Dr. Raymond Mooney: I mean, particularly given this election year, right? I think it's something we all have to be concerned about. It was bad enough the last couple of times, right? And now we have much more powerful AI technology that can create amazingly convincing, you know, fake news, you know, personalized to individual people. You know, that could really, you know, potentially have a really negative impact in our ability to identify whether this is, you know, automatically generated, large language model generated text or not, you know, is already a complicated problem. So I would say immediately, I think the misinformation generation and fake pictures and video and deep fakes and all this stuff, probably would be my number one concern for the near future.
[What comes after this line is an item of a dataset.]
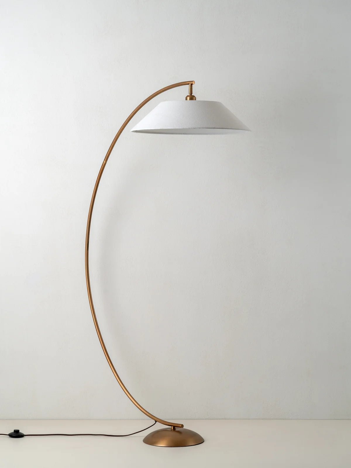 Classic, refined, graceful. A classic over-arch floor lamp with an update. Paired with a shallow off-white linen cotton shade, this floor lamp will happily sit in both a modern and more traditional interior.

And we need better techniques for controlling that.
Ron Green: Ray, I've enjoyed this conversation so much. We like to wrap up and ask our guests if they could have AI automate anything in your daily life. Just make something in your daily life better. What would you go for?
Dr. Raymond Mooney: That's a good, good question. I guess, you know, just like you said, I get all these notices for all these papers, and there is technology out there that can do summarization and things of that sort. But it's, and I think some people have looked at like personalized summarization, where it's actually, you know, summarize a bunch of documents just for you, right, rather than just for a general audience. And so I think something like that, and again, I think maybe the challenge is getting close to the point to do it that instead of me just having to scan through all these things is I just got a nice summarize report is here's what's happened in AI, you know, today, that here's important for you, that I think you really would like to know about based on your interest and your expertise. And I think that one one thing could maybe make my life a little bit easier.
Ron Green: Yeah, I could go for that too. Well, Ray, thank you so much. This was an absolute pleasure and an honor.
Dr. Raymond Mooney: Okay, well, it was nice talking to you.